Exercise brief
What you return must be the lines from the first one below through the one containing "Boetten och armbandet", exactly and with pictures excluded.

====== Given records

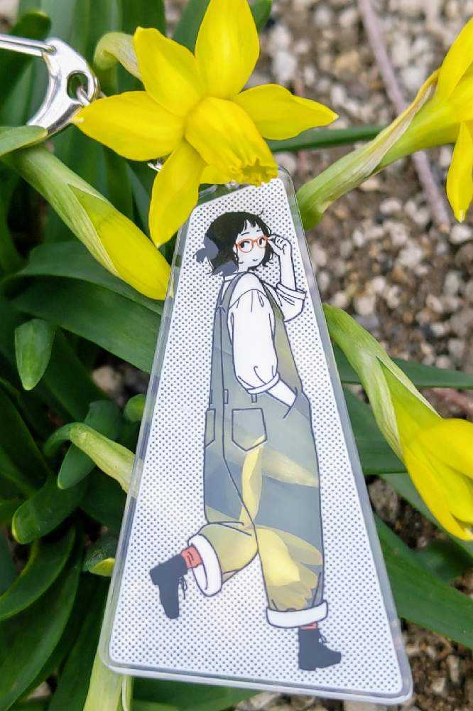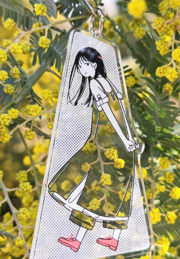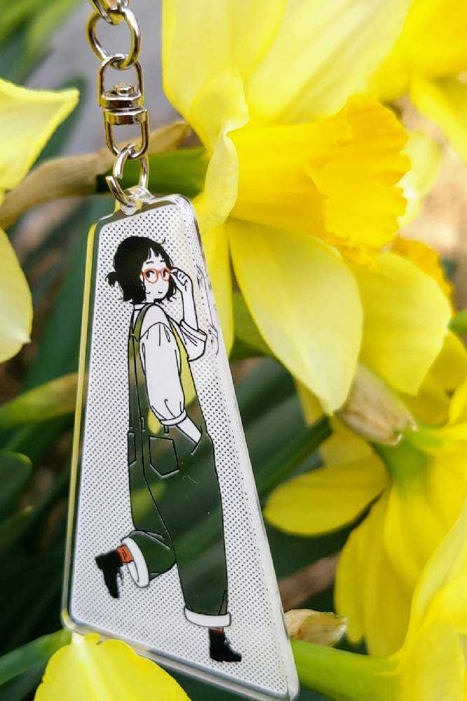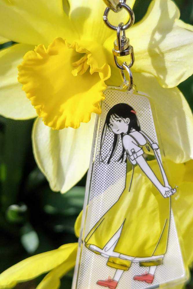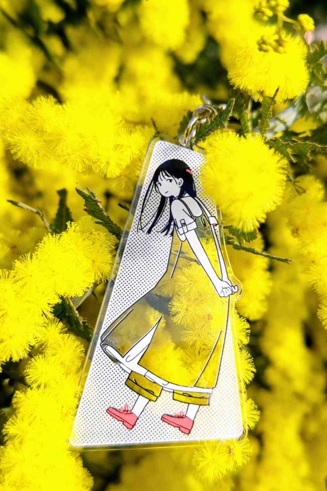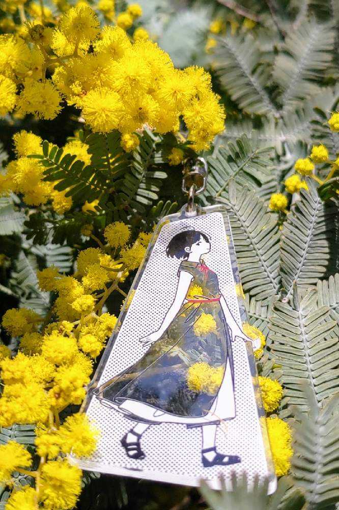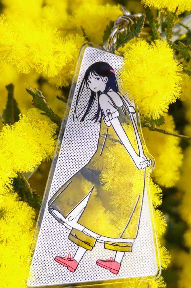“お散歩は季節をまとって”冬野カモメさん作出アクリルキーホルダーで、ファッションショーをたのしんでます。着せ替えは無限大です。春を運ぶ黄色い花をまとわせた。幸せの黄色いリボン🎀。
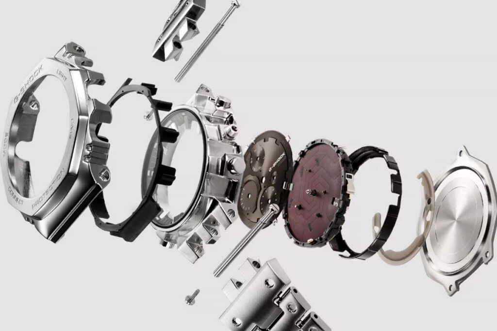 Boetten och armbandet i rostfritt stål är nu synliga från flera vinklar. Ramen har en konsekvent borstad yta, och boettens kanter och länkar verkar mycket skarpare än i den tidigare renderingen. Den övergripande profilen ser ut att vara relativt tunn för en G-Shock i metall, och proportionerna ser ganska lika ut som befintliga GMC-B2100-modeller, bara genom bilder.
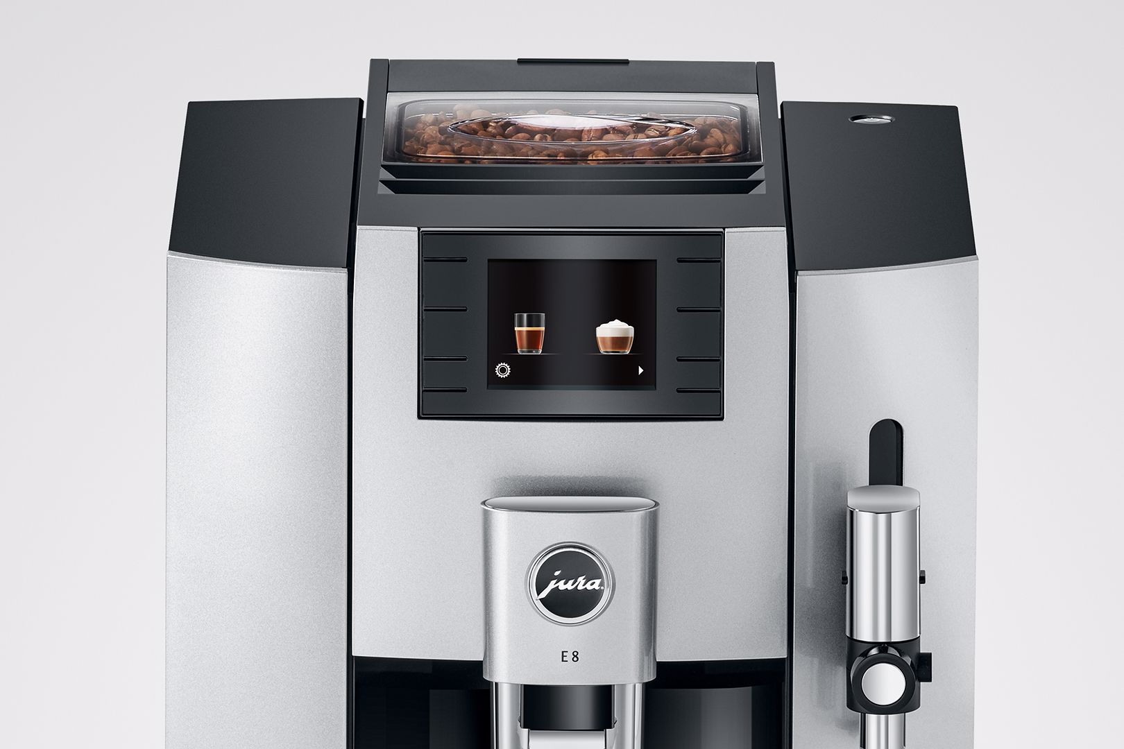 Charakteristický design automatických kávovarů JURA je jasný a výrazný. Vysoce kvalitní materiály a precizní zpracování podtrhují prémiovou kvalitu moderního kávovaru E8. Už jeho tvar je symbolem kvality, funkčnosti a dlouhé životnosti. Detaily jako nádrž na vodu s rýhami nebo vysoce kvalitní, chromovaný podstavec pro šálky dokreslují čistý a harmonický design modelu E8.
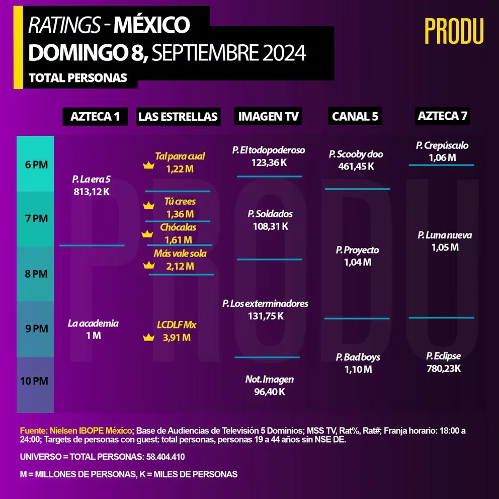 Ahora bien, a pesar de registrar una notable perdida de audiencia, aún así la programación de “La Casa de los Famosos 2024” sigue colocándose como el contenido más consumido por los televidentes, dejando entre los últimos lugares al programa de la competencia: “La Academia” con 1 millón en rating, el cual también ocupa el horario estelar de los domingos.
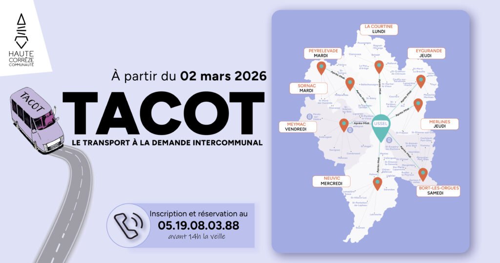 Le 2 mars, Haute-Corrèze Communauté lance le Tacot, un service de transport à la demande pensé pour faciliter vos déplacements quotidiens sur l’ensemble du territoire.
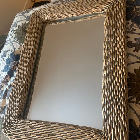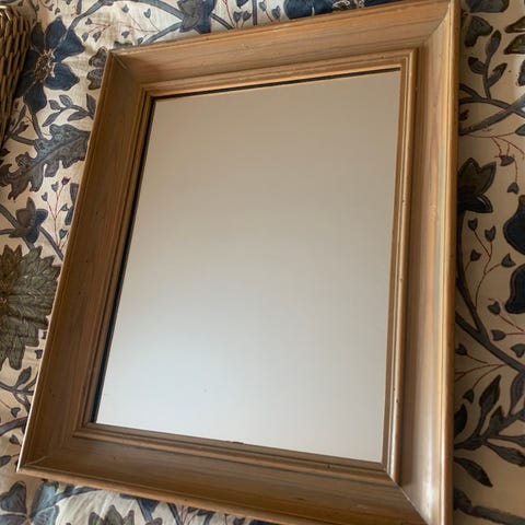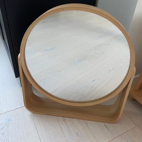 Speil rundt med hylle i lyst tre
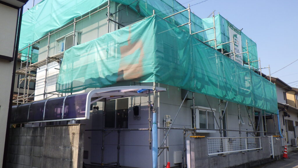 宇都宮市で屋根修繕と塗装工事が着工となりました。二階造りの住宅の全景となります。屋根塗装をする為、塗料が飛散しないようメッシュシートが覆われていて見えないですが、スレート屋根の塗装が始まります。 ...続きを読む2024/02/19 西宮市「屋根修理や外壁塗装、本日は雨戸の塗装について」
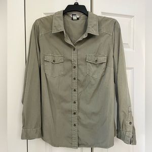 EUC - Torrid Size 2 - Army Green/ Gray Button Down Denim Shirt
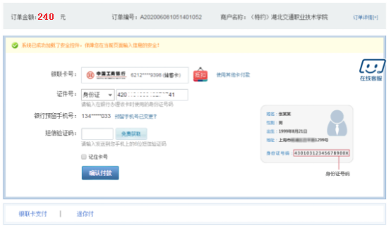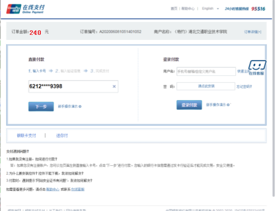 点击:去缴费,出现支付界面,在直接付款选项“输入卡号—输入验证信息—完成支付”完成缴费。
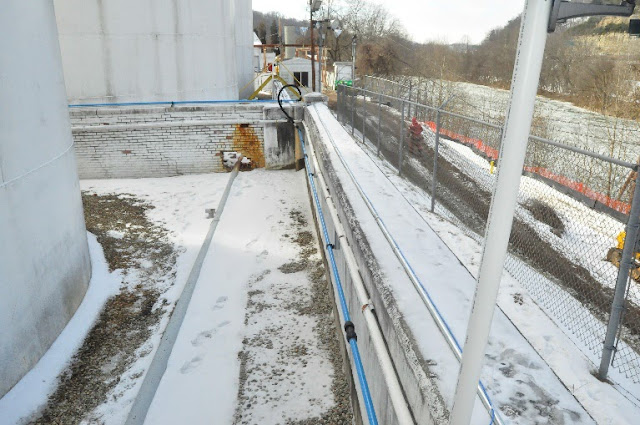 The West Virginia American Water Co. intake facility on the Elk River in Charleston as seen on Jan. 10, 2014, the day after the Freedom Industries chemical spill. A federal judge ruled Monday that hundreds of thousands of those affected by the spill cannot pursue claims against West Virginia American Water’s parent company, one of several rulings expected before a trial next month.
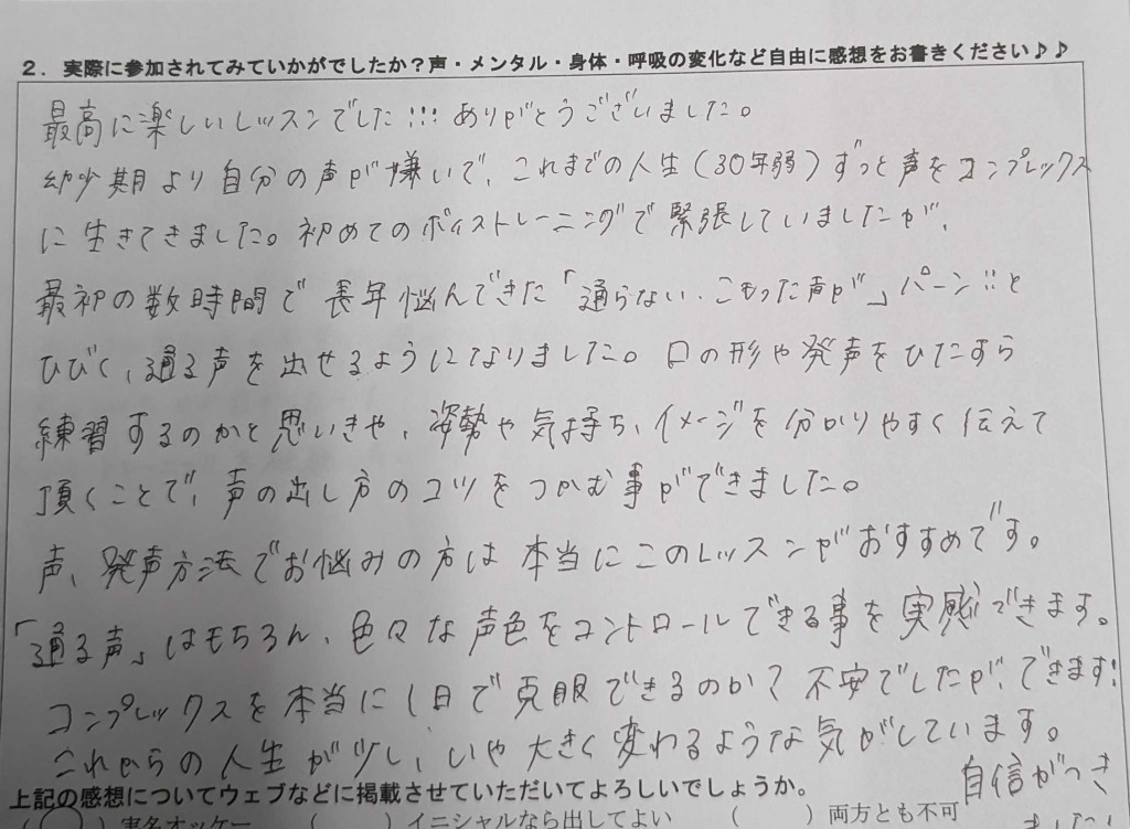 “声のレッスンというよりは身体面、メンタル面を整えて、その上で声の改善を図って頂いたので、別人に生まれ変わったような感覚になりました。声を使い分けるという意識はこれまで無かったので、これから色々な場面で試してみたいと思います。話をするのが楽しみになりました。ありがとうございました!声が小さいと悩んでいる全ての方におすすめします。”— 男性 40代

============

Task result
“お散歩は季節をまとって”冬野カモメさん作出アクリルキーホルダーで、ファッションショーをたのしんでます。着せ替えは無限大です。春を運ぶ黄色い花をまとわせた。幸せの黄色いリボン🎀。
 Boetten och armbandet i rostfritt stål är nu synliga från flera vinklar. Ramen har en konsekvent borstad yta, och boettens kanter och länkar verkar mycket skarpare än i den tidigare renderingen. Den övergripande profilen ser ut att vara relativt tunn för en G-Shock i metall, och proportionerna ser ganska lika ut som befintliga GMC-B2100-modeller, bara genom bilder.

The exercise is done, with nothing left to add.